_WHAT THIS TASK INVOLVES_
Look below for the line with "Mycruises, круизный клуб" and the line with "Brighten up your". Copy exactly those two lines and every line between, but not the pictures.

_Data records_
○ ○ ○ ○ ○

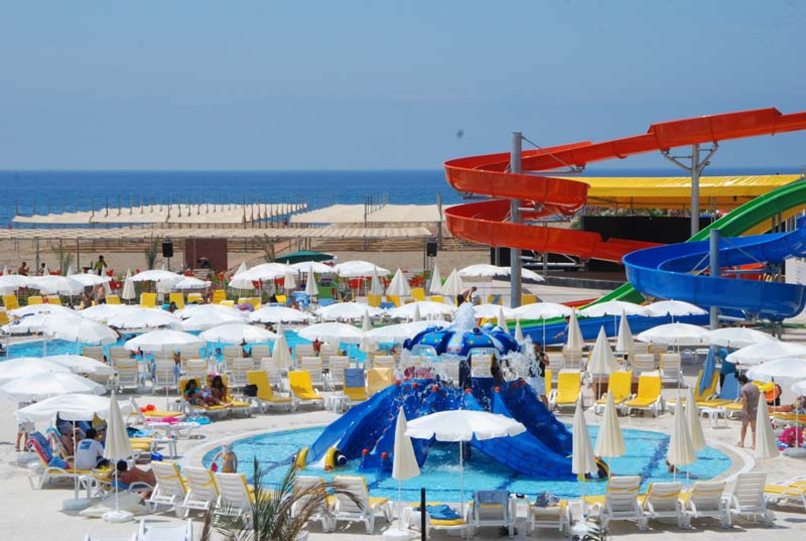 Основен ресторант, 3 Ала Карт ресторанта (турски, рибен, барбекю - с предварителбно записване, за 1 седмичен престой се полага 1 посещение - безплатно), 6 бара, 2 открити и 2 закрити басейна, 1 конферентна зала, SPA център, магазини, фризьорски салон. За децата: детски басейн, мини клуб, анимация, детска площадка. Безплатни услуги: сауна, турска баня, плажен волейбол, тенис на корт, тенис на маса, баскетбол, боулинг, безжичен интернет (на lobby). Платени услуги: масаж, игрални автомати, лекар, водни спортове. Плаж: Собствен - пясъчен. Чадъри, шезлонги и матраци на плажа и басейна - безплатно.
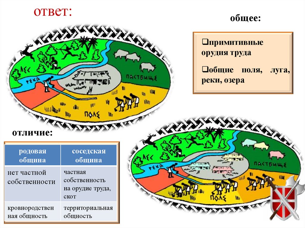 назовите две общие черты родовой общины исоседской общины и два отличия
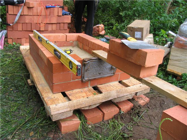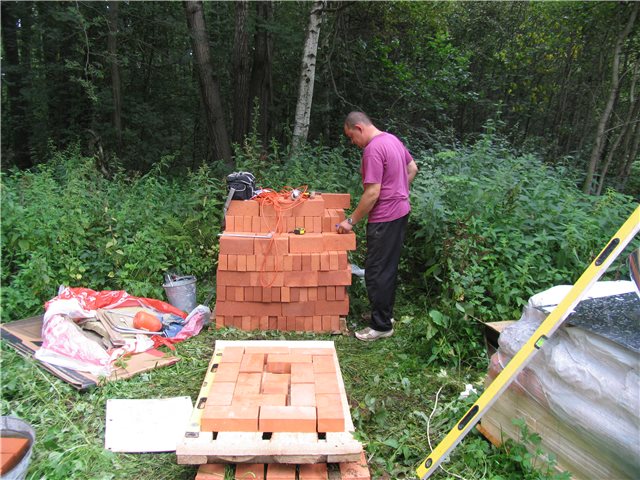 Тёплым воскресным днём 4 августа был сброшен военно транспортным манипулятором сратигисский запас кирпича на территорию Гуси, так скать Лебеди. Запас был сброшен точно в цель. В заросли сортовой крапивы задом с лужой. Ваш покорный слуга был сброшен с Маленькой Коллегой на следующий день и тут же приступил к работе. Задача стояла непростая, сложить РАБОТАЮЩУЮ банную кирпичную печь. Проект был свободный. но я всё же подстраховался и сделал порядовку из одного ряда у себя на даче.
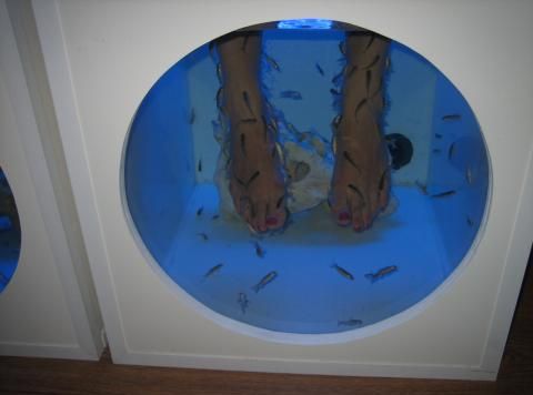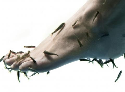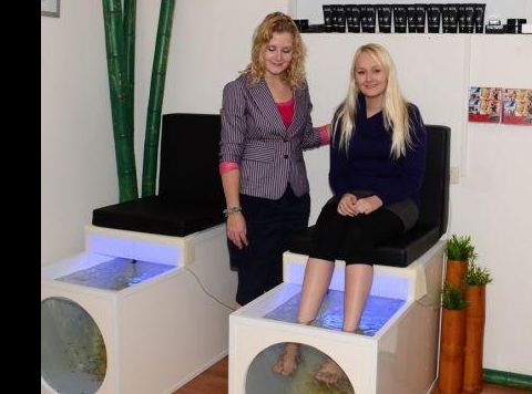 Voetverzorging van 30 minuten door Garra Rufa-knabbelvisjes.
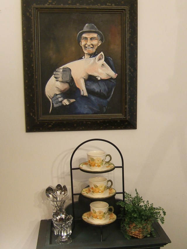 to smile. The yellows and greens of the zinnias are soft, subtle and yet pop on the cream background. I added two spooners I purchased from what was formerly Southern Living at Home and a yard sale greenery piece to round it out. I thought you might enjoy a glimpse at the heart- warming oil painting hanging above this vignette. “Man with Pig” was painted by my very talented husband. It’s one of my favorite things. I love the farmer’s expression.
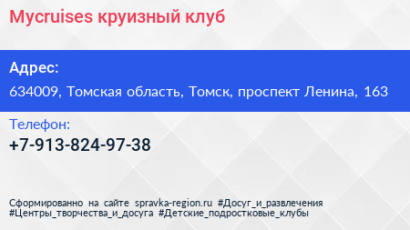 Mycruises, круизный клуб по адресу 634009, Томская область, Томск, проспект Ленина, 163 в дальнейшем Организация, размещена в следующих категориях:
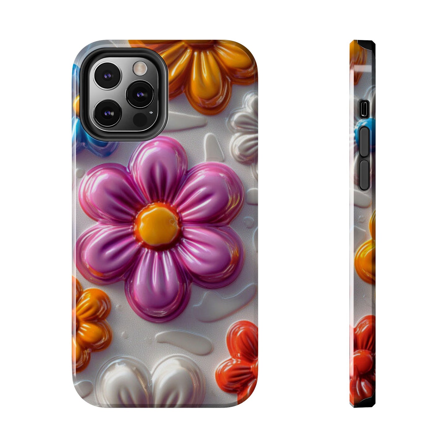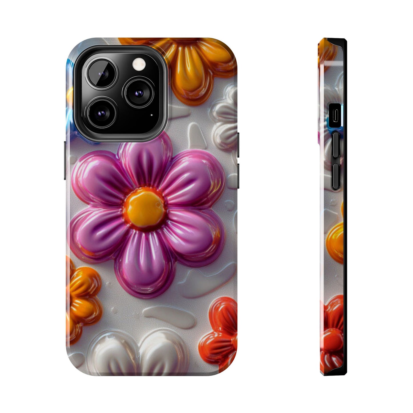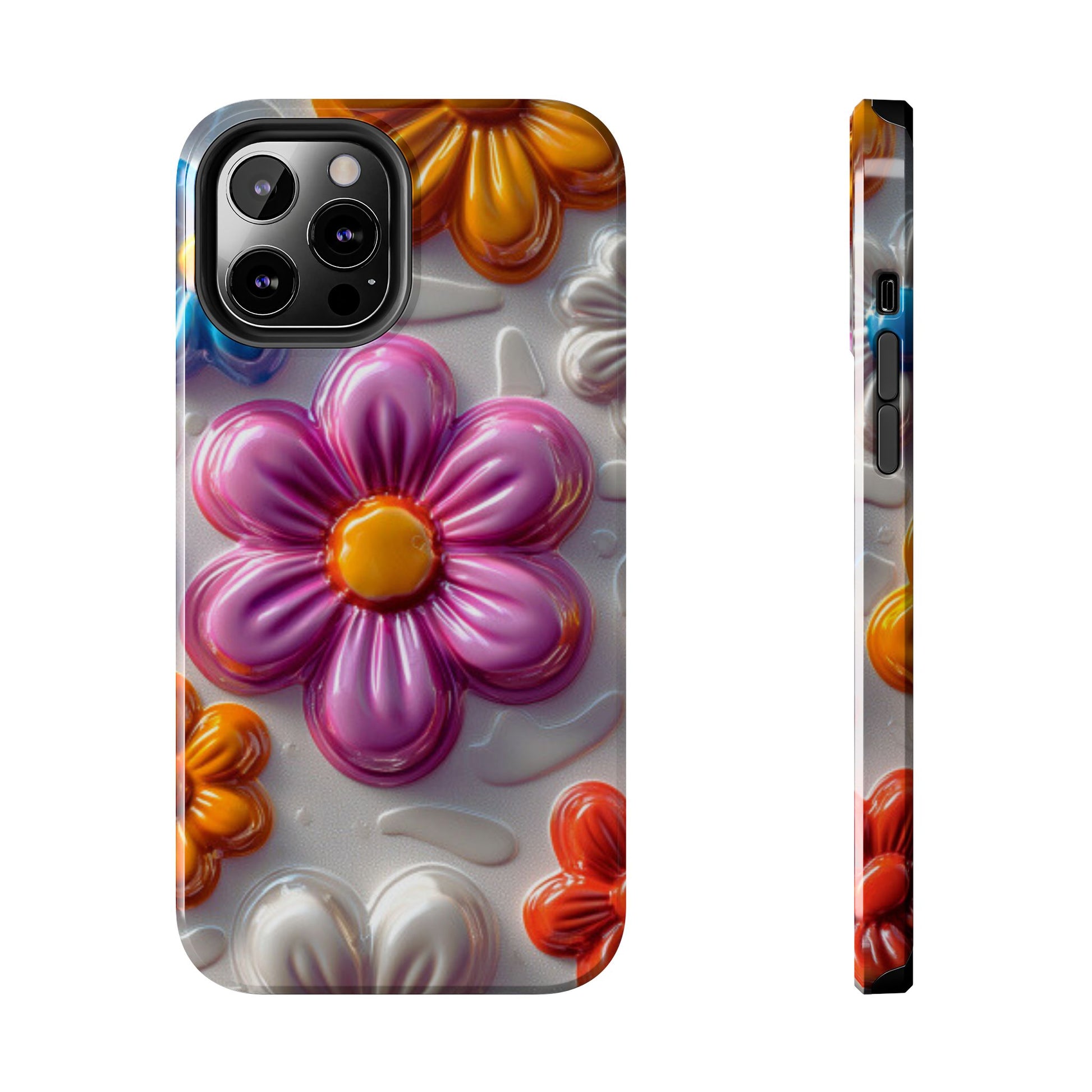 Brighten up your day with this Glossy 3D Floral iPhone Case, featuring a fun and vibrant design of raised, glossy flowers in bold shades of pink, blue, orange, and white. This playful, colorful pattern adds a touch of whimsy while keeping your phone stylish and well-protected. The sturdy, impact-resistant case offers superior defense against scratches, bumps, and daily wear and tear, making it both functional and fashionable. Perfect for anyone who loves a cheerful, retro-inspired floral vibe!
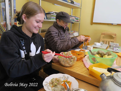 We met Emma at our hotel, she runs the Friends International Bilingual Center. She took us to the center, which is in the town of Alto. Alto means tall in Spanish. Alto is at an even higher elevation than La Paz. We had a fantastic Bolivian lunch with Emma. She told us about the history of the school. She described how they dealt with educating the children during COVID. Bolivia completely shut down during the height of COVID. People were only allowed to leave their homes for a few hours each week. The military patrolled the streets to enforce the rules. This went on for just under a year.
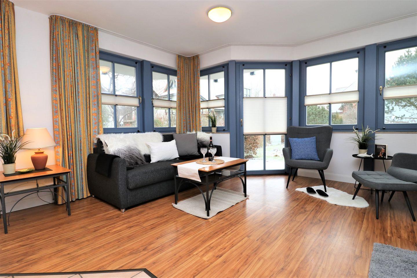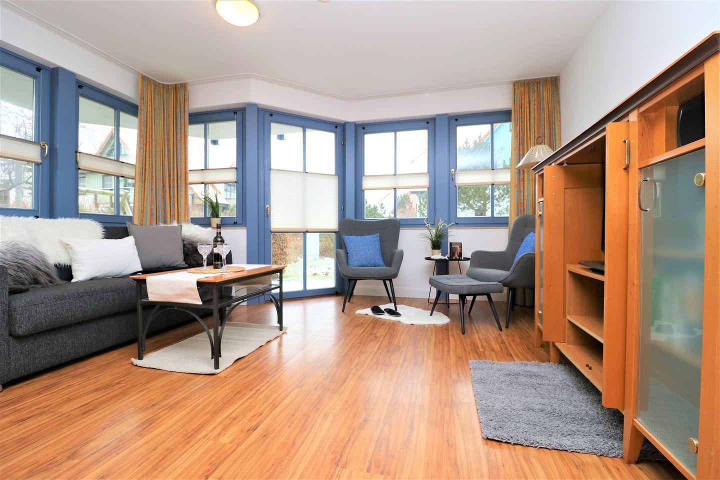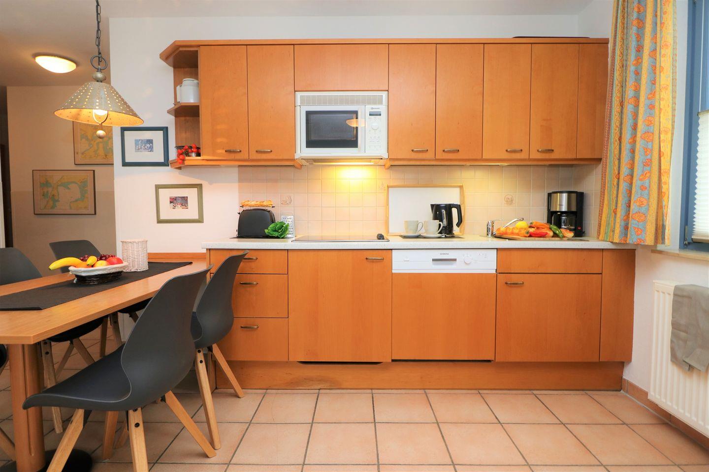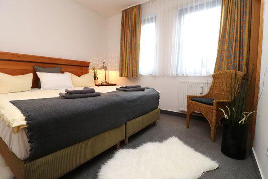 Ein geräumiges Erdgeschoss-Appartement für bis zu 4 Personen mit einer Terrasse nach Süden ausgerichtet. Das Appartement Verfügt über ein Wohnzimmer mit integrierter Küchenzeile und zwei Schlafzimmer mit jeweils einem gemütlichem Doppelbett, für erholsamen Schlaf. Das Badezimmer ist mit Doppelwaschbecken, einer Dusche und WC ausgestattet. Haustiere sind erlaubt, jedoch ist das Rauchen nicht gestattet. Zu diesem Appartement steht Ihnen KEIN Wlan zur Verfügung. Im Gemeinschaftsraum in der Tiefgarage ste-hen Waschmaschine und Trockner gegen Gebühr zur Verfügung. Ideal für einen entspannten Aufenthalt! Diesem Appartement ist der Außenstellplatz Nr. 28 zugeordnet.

○ ○ ○ ○ ○

_RESULT OF THIS TASK_
 Mycruises, круизный клуб по адресу 634009, Томская область, Томск, проспект Ленина, 163 в дальнейшем Организация, размещена в следующих категориях:
 Brighten up your day with this Glossy 3D Floral iPhone Case, featuring a fun and vibrant design of raised, glossy flowers in bold shades of pink, blue, orange, and white. This playful, colorful pattern adds a touch of whimsy while keeping your phone stylish and well-protected. The sturdy, impact-resistant case offers superior defense against scratches, bumps, and daily wear and tear, making it both functional and fashionable. Perfect for anyone who loves a cheerful, retro-inspired floral vibe!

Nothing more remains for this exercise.